• _Exercise objective_: Where the listing below has a line with "Braun Series 5", write out exactly that line and every line after it, stopping after the line with "The interactive map".

• _Data for the task_:

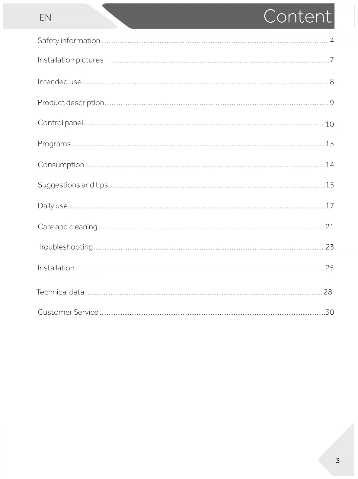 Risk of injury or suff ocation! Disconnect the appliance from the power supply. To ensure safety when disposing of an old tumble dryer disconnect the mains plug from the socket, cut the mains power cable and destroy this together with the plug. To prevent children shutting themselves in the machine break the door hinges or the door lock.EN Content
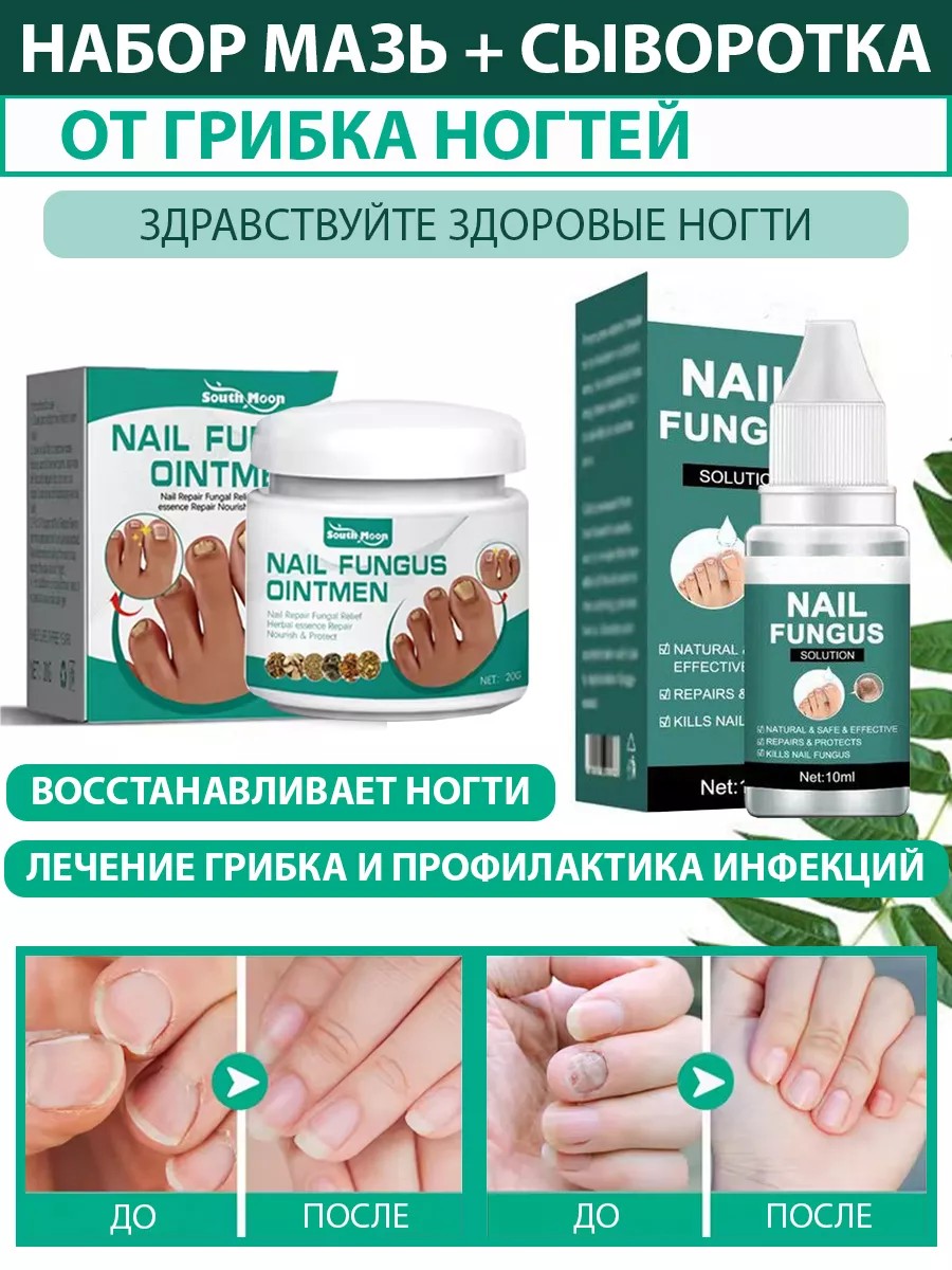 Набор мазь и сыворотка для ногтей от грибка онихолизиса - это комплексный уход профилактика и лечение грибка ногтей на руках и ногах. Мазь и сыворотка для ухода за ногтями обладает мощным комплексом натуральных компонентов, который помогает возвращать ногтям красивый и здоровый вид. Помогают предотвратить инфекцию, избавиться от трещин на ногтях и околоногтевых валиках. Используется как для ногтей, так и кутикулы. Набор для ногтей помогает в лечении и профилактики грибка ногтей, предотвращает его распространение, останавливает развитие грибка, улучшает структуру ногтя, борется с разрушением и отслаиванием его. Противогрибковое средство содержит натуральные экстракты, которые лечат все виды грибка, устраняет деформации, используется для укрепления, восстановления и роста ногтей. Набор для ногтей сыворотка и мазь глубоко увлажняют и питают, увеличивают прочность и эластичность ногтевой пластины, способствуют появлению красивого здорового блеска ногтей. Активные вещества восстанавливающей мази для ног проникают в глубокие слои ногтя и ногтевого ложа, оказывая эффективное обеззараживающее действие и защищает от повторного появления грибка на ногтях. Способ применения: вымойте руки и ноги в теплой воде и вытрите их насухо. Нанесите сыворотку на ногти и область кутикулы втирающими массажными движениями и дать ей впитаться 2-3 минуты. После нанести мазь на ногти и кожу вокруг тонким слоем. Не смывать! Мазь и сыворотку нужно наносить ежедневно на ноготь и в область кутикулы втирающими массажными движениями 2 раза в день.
...
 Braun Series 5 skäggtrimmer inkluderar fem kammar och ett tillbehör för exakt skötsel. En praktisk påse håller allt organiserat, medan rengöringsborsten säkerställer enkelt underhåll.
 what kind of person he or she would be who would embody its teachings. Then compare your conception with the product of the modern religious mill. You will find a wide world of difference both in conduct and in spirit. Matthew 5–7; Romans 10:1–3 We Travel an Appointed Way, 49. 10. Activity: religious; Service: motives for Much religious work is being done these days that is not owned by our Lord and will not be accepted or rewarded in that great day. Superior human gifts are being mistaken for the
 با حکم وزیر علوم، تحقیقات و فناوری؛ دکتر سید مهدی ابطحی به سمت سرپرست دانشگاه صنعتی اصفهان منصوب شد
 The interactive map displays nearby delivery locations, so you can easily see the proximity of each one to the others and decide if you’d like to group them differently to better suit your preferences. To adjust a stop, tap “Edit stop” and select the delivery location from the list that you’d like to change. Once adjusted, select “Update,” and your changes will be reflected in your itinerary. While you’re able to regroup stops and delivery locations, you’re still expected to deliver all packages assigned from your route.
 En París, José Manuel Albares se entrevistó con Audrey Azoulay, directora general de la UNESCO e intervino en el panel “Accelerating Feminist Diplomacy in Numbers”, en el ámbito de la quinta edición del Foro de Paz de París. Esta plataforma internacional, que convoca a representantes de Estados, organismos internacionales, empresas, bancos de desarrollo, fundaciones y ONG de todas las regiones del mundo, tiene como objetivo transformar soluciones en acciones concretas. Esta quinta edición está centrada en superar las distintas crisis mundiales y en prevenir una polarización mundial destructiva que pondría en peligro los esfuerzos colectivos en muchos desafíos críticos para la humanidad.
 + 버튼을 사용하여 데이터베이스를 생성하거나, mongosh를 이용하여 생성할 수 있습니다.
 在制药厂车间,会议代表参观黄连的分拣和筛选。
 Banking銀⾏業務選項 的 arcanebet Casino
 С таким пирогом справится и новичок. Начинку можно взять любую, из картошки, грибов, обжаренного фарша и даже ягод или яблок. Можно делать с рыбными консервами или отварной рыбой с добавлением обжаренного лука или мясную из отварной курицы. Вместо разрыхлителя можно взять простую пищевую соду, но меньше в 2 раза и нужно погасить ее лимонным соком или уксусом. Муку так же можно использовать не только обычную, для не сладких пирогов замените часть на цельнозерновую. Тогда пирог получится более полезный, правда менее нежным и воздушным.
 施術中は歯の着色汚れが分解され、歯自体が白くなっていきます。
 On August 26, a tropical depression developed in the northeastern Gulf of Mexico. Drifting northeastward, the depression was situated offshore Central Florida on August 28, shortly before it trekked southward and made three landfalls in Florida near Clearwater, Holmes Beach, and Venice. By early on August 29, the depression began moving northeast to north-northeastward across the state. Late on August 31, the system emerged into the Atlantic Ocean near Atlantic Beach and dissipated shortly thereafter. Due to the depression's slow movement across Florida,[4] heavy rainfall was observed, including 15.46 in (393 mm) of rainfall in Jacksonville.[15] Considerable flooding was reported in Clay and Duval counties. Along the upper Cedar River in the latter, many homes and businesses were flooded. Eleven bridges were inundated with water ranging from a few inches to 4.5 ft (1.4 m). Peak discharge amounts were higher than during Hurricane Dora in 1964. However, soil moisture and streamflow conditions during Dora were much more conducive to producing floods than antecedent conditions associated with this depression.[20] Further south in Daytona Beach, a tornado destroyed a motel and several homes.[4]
...
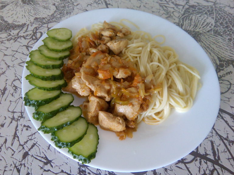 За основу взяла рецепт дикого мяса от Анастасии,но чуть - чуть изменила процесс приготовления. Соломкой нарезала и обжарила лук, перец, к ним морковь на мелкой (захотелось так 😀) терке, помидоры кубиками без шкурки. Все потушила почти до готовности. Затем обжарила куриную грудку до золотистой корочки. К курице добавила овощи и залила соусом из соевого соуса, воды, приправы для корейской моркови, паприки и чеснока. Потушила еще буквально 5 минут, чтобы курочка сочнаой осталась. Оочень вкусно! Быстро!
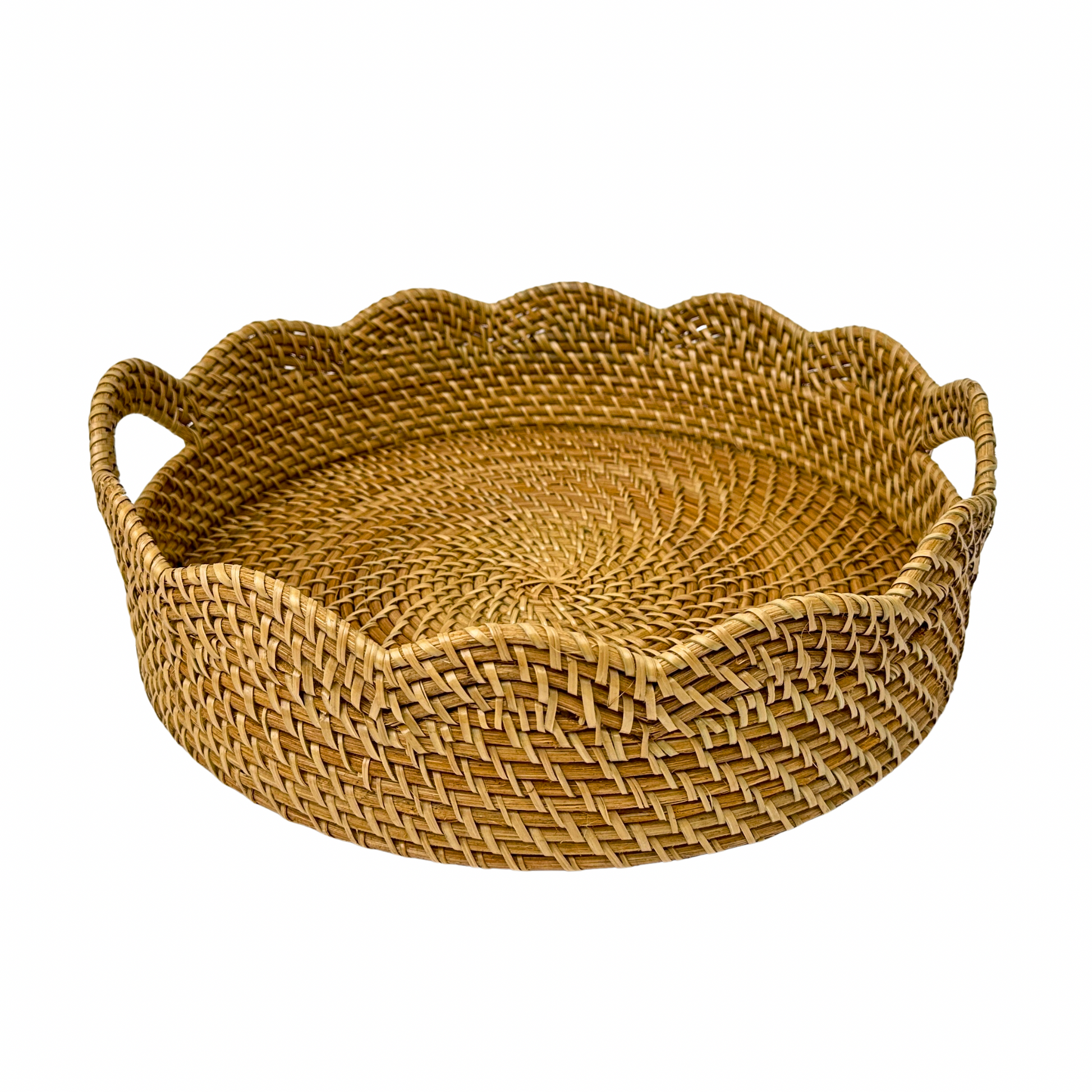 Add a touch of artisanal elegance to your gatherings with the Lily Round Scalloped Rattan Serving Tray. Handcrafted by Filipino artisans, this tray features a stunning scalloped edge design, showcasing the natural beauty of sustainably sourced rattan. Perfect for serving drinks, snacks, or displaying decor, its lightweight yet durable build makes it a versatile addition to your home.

• _Written response_:
 Braun Series 5 skäggtrimmer inkluderar fem kammar och ett tillbehör för exakt skötsel. En praktisk påse håller allt organiserat, medan rengöringsborsten säkerställer enkelt underhåll.
 what kind of person he or she would be who would embody its teachings. Then compare your conception with the product of the modern religious mill. You will find a wide world of difference both in conduct and in spirit. Matthew 5–7; Romans 10:1–3 We Travel an Appointed Way, 49. 10. Activity: religious; Service: motives for Much religious work is being done these days that is not owned by our Lord and will not be accepted or rewarded in that great day. Superior human gifts are being mistaken for the
 با حکم وزیر علوم، تحقیقات و فناوری؛ دکتر سید مهدی ابطحی به سمت سرپرست دانشگاه صنعتی اصفهان منصوب شد
 The interactive map displays nearby delivery locations, so you can easily see the proximity of each one to the others and decide if you’d like to group them differently to better suit your preferences. To adjust a stop, tap “Edit stop” and select the delivery location from the list that you’d like to change. Once adjusted, select “Update,” and your changes will be reflected in your itinerary. While you’re able to regroup stops and delivery locations, you’re still expected to deliver all packages assigned from your route.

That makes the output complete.